2016 was a great year for memes. From Dat Boi to Daniel’s white Vans to Harambe, they may have all been done to death, but they brought us temporary distraction in an otherwise painful year.
Ever since March, Garland has been stuck in the Limbo dimension to which all Supreme Court nominees go until their hearings are held. Left floating in the void, fumbling for meaning, purpose, entertainment, and joy, Garland deserves a little gift to reward his patience.
Who cares if he’s dead? The man knew his time was short but still gave us the parting gift of Blackstar. Santa can find whatever star he’s living in now and give him the gift he deserves.
Comet Cab Drivers
They were there when you needed them. They saved you from the embarrassment of being late. They protected your legs from the strain of walking those extra yards to class. These noble Golf Cart Gods gave precious minutes back to your life that would have been wasted walking.
That Cute Boy/Girl That Handed You Your Pencil When You Dropped It
Such small acts of kindness should be rewarded generously. Especially theirs. Their eyes were so dreamy… Maybe Santa can include a special note from you with his gifts.

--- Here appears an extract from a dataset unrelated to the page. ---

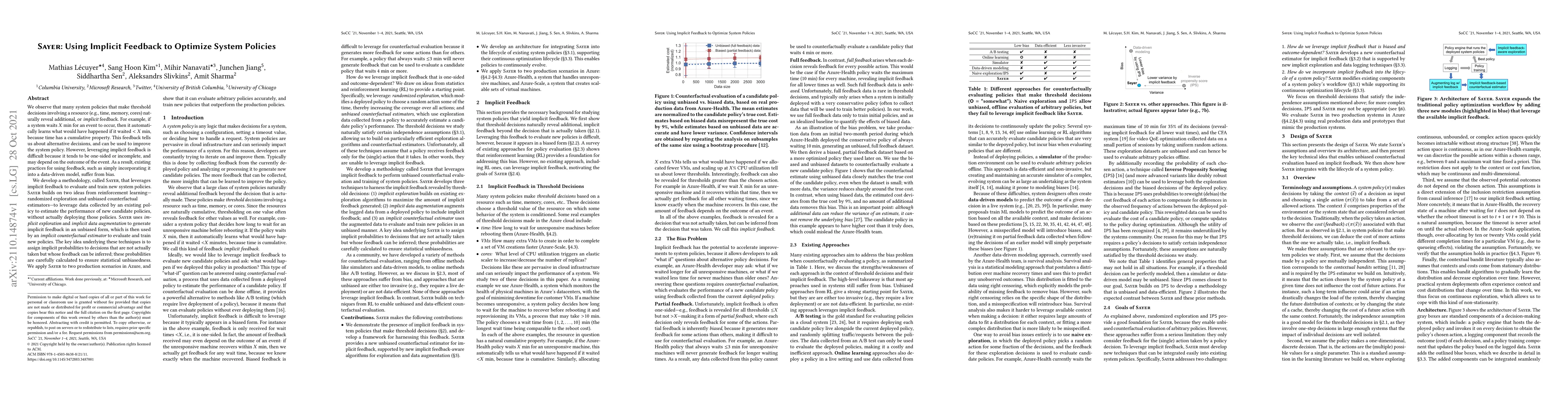 Sayer leverages implicit feedback from existing system policies to improve decision-making without deploying new policies. It employs randomized exploration and unbiased counterfactual estimators to generate and evaluate new policies, demonstrating improved performance in Azure production scenarios.
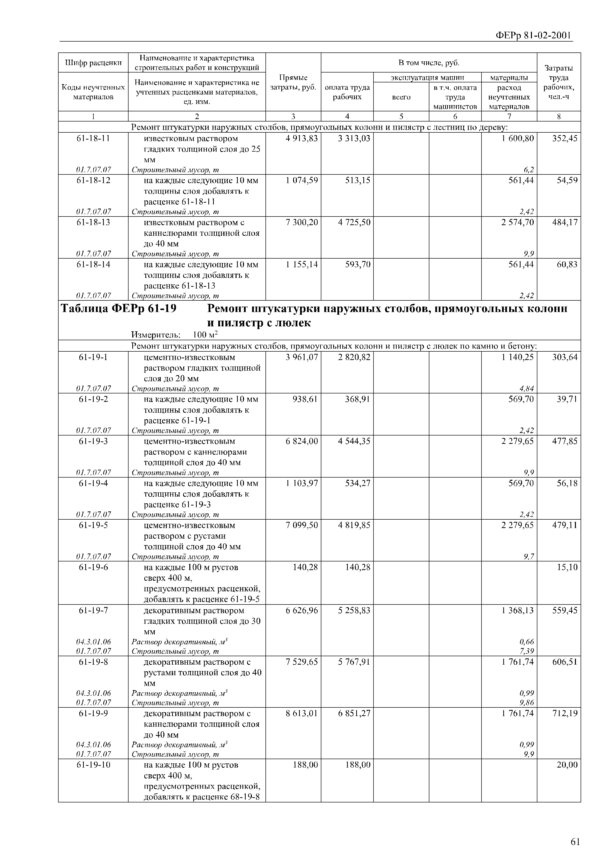 | Название рус.: | Сборник 61. Штукатурные работы (редакция 2017 г.). Штукатурные работы. Федеральные единичные расценки на ремонтно-строительные работы |

Baby Dory from Finding Dory
So cute. Like, ridiculously cute. God. All the presents.
UTD Chapter of Chi Phi
Chi Phi’s reputation on campus has Gone to Hell™ with a three-year hazing suspension. This should be just enough time for the chapter to (wall) sit in time out and really think about what they’ve done.
Batman v. Superman: Dawn of Justice just wasn’t good, guys. Trust me, I know. I didn’t actually see it, but I read a lot of reviews. Also, the name is long and stupid.
Lochte’s lies in Rio caused international embarrassment for the entire nation. Thankfully, we’ve all learned our lesson, and Americans have pledged to never do stupid things while drunk in foreign countries ever again.
Life of Pablo’s artistic and commercial success was one of the highlights of the thriving 2016 music scene. Though I had great fun listening to the album and attending his Dallas show, he cancelled the show that was going to be my little brother’s birthday present. His health concerns aside, I’m still bitter.
That Asshole That Took Your Seat in Class
That was your seat. That was your seat. You’ve sat in that seat every day since syllabus week. Your entire mojo was thrown off. How could you be expected to learn when your entire place in the world, the one place you felt secure, has been taken over by someone that hardly ever shows up to class? Thank goodness for Santa and his sweet holiday justice.
We assume Santa already has this one marked down, but recently some of the media and the public have forgotten that Nazis are bad, so we just wanted to make sure that Santa doesn’t make the same mistake.
The Chicago Cubs
By finally winning the World Series, the Cubs have fulfilled the first requirement for the Apocalypse as outlined in the Book of Revelations. Such an exciting victory for the city of Chicago will be worth little once the sky rains flaming skulls and the oceans rise a tiny bit faster than they otherwise will from global warming alone.
Comet Cab Drivers
They were never there when you needed them. Your memory is tainted with the vision of their cart in the distance as you walked in late for class. They left your legs sore from the excruciating extra walking distance. These dastardly Demonic Drivers stole time from your life that you will never get back.
The People Above You on the Class Waitlist
C’mon. They must’ve done something bad; nobody’s perfect. Of course, they shouldn’t be denied their Christmas presents. Maybe a better punishment for Santa to deliver would be to take them off the waitlist. Moving you up on the list has nothing to do with it.
~46.7% of American Voters
Donald Trump has promised to revive the coal industry as part of his presidency. This bodes quite well for the stockings of his voters.